Output exactly, and only, the lines below from the one with "まず,「Q2」の列名のところ" down to the one with "这是10月12日在《生物多样性公约》第十五次缔约方大会新闻中心拍摄的海报。新华社记者 王南 摄". Include both end lines and no pictures.

■ Supplied information
■ ■ ■

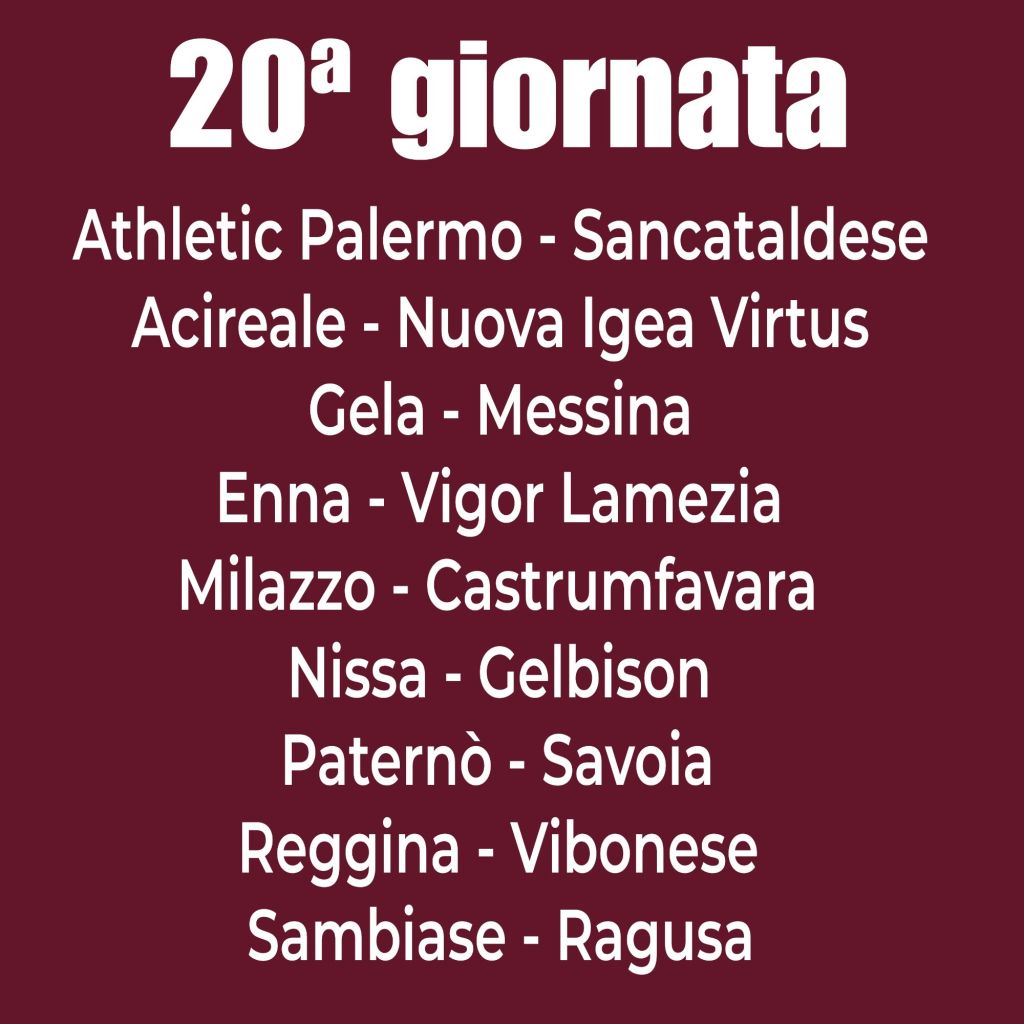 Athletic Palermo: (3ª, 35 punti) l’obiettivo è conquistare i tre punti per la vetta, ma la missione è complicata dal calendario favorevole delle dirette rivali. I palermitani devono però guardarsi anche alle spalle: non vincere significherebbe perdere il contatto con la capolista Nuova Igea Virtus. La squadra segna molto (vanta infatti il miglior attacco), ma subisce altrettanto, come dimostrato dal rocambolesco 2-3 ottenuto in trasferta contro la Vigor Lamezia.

■ ■ ■

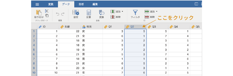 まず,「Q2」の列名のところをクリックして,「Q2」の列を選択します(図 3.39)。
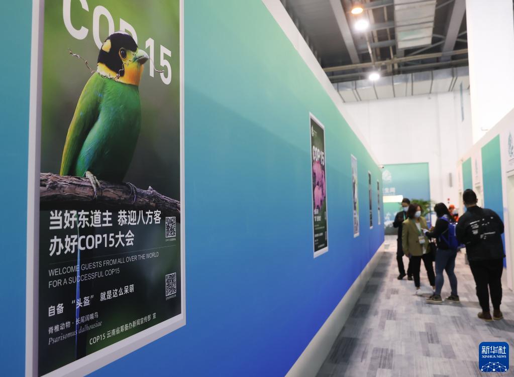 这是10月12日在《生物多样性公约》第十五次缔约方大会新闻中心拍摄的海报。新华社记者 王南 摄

■ ■ ■

■ Written response
 まず,「Q2」の列名のところをクリックして,「Q2」の列を選択します(図 3.39)。
 这是10月12日在《生物多样性公约》第十五次缔约方大会新闻中心拍摄的海报。新华社记者 王南 摄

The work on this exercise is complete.